I recently got — well, I’m not actually sure I can call it an advance reader copy since the book had already been published, but I recently got a review copy of Will Storr’s new book The Science of Storytelling.
It’s a really lovely book, first because of its insights into storytelling and second because of its insights into the human condition.
Structurally, it reminded me a lot of Chuck Wendig’s Damn Fine Story, which is one of my very favorite books on storytelling — though, as the title implies, Wendig uses a lot more swears. (I am fine with swears.)
Storr’s book, as his title implies, links story to science:
My hope is that what follows will be of interest to anyone curious about the science of the human condition, even if they have little practical interest in storytelling. But it’s also for the storytellers. The challenge any of us faces is that of grabbing and keeping the attention of other people’s brains. I’m convinced we can all become better at what we do by finding out a bit about how they work.

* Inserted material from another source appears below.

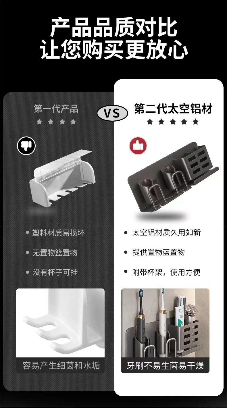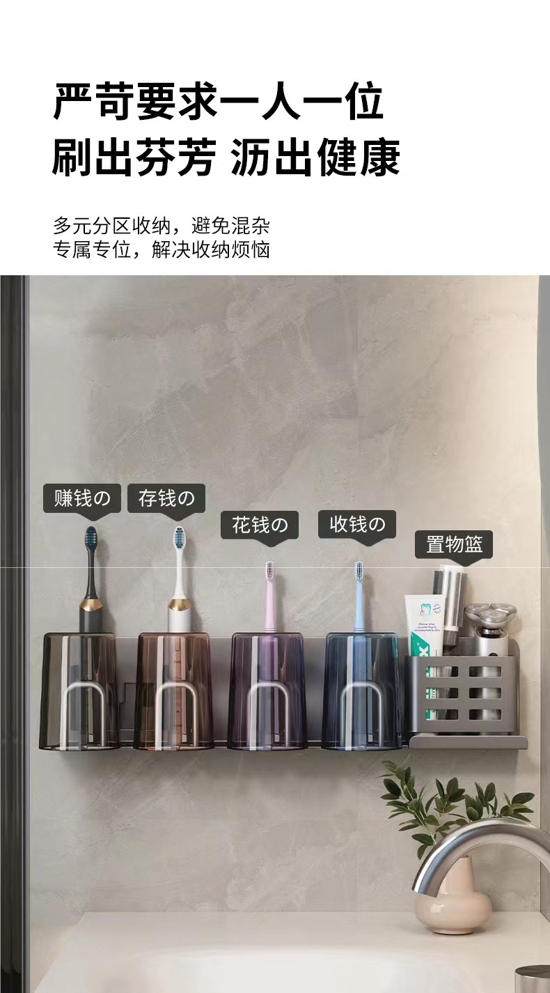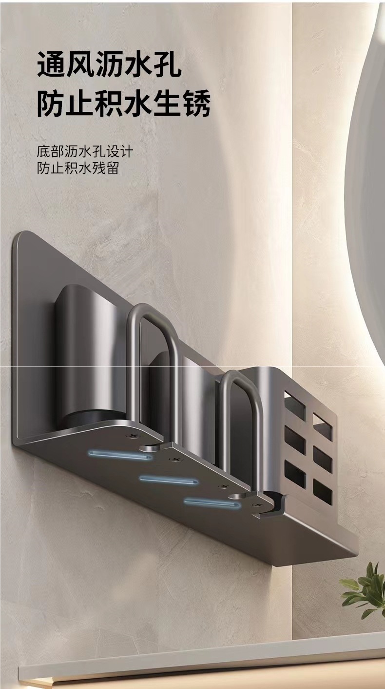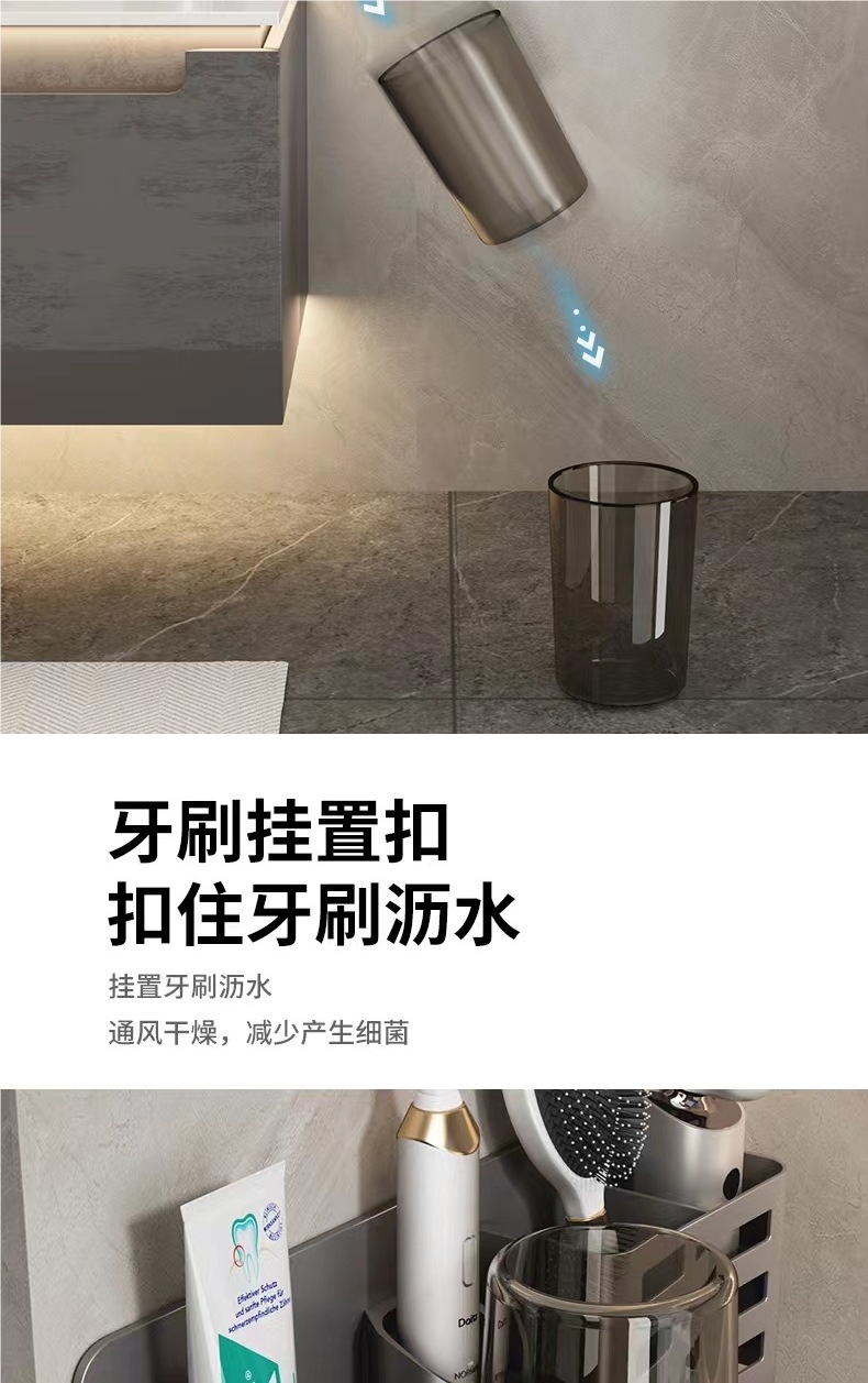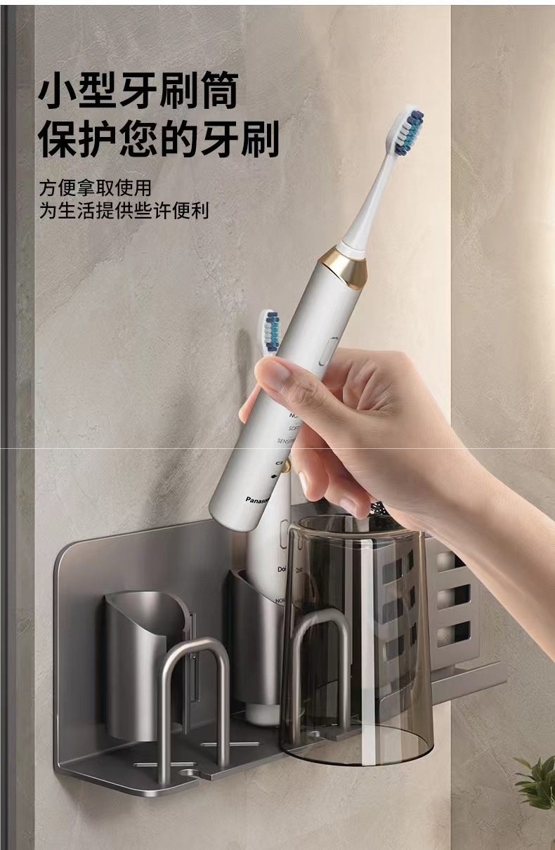 칫솔 보관 랙 비 펀칭 건 그레이 화장실 화장실 가글 컵 저장 가정용 벽 장착 전기 칫솔 랙

What does that mean? Well, for starters, human minds are wired for three things: patterns, change, and connection. A good story incorporates all three elements in a way that keeps us captivated until the very end. But Storr breaks storytelling down even further, bringing in everything from peripeteia to theory of mind to, by the end of the book, a step-by-step guide to creating a scientifically sound story — though Storr also notes that some of the best stories transcend anything that can be summed up in a step-by-step guide.
That said, if you want to know how to construct a story in a way that might command a reader’s attention, The Science of Storytelling will provide you with a framework.
And if you just want to know why human brains are attracted to stories, and why we transcribe our own lives into stories even if we aren’t writers ourselves, The Science of Storytelling will give you all the answers you need.